At that moment the telephone bell rang, and the doctor pulled the instrument towards him with a little frown.
“I told those people in the office not to put anybody through,” he said and lifted the receiver.
“Who’s that?” he said sharply, and the soft pleasant voice of a girl replied:
“Is that Dr. Parsons?”
“Yes, it is I,” said the doctor.
“Oh, I just wanted to tell you that I read your moving appeal for funds in the _Morning Post_ to-day.”
The doctor’s face brightened. This little hospital was his life’s work, and the very hint of a promise that help was coming, however meagre that help might be, cheered him.
“I’m glad you were moved by it,” he said, half in humour and half in earnest; “and I trust that you will be moved to some purpose. Am I wrong in suspecting you to be a possible subscriber?”

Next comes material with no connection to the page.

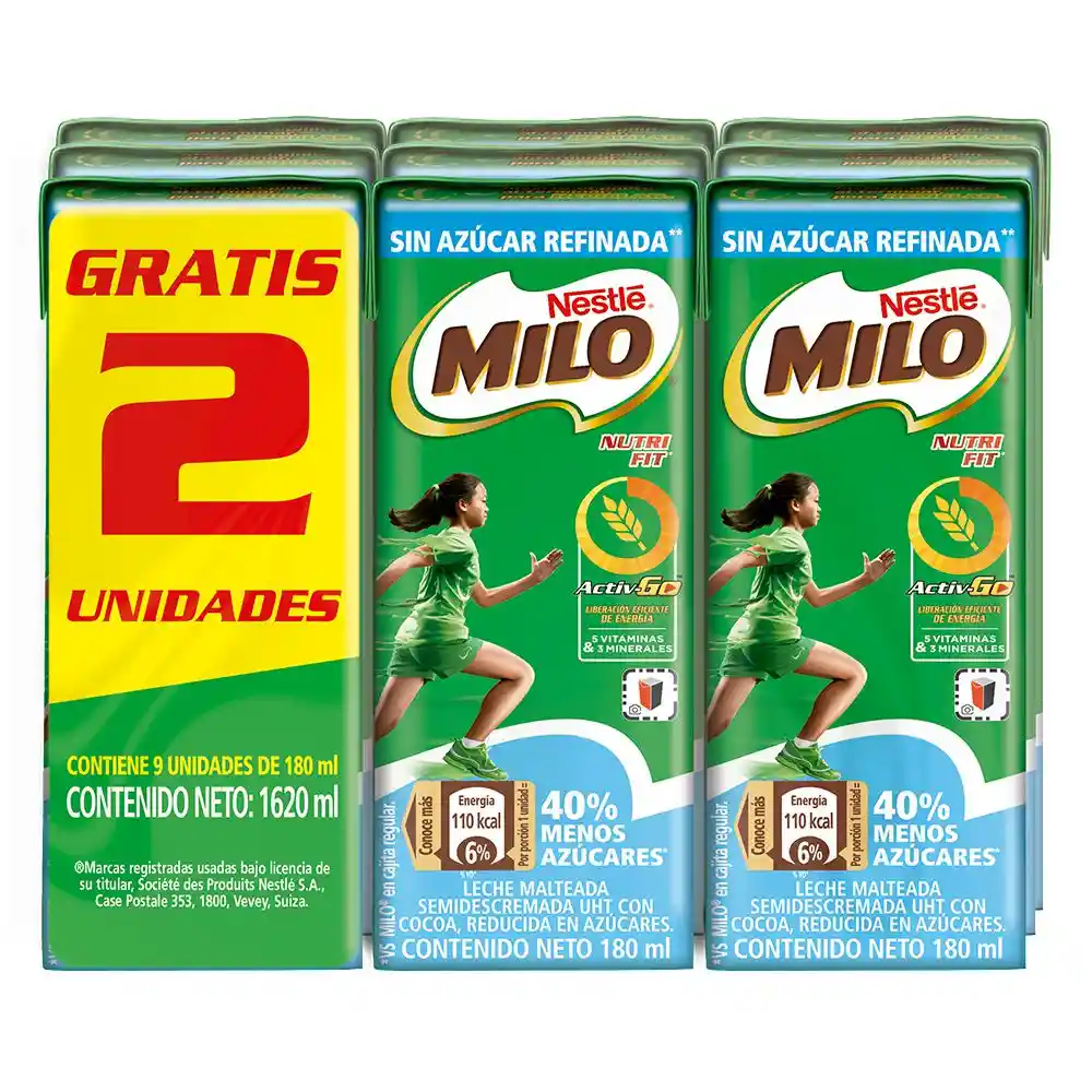 Leche achocolatada a base de malta y cocoa con vitaminas y minerales. Contiene 6 vitaminas y 3 minerales, que aporta nutrientes para la liberación de energías y el funcionamiento de músculos y huesos.

There was a little laugh at the other end of the wire.
“You are appealing for £8,000 to carry on the hospital for another six months,” said the girl.
“That’s right,” nodded the doctor.
“Well, I’ve sent you £10,000,” was the surprising reply, and the doctor gasped.
“You’ve sent me £10,000!” he said hollowly. “You’re joking, I suppose.”
“Well, I haven’t exactly sent you £10,000,” said the voice--“that is to say, in money. I have sent you the money’s worth. I sent a parcel to you last night. Have you got it?”
The doctor looked round.
“Yes,” he said, “there is a parcel here, posted at Clapham. Is that from you?”
“That’s from me,” said the girl’s voice. “I am relieved to know that you have found it.”
“What’s in it?” demanded the man curiously.
“A very interesting armlet which was, and probably is still, the property of Lord Claythorpe.”
“What do you mean?” asked the doctor sharply.
“It is the armlet I stole from him,” said the voice; “and there is a reward of £10,000 for its return. I want you to return it, and apply the money to your hospital.”
“To whom am I speaking?” asked Dr. Parsons huskily.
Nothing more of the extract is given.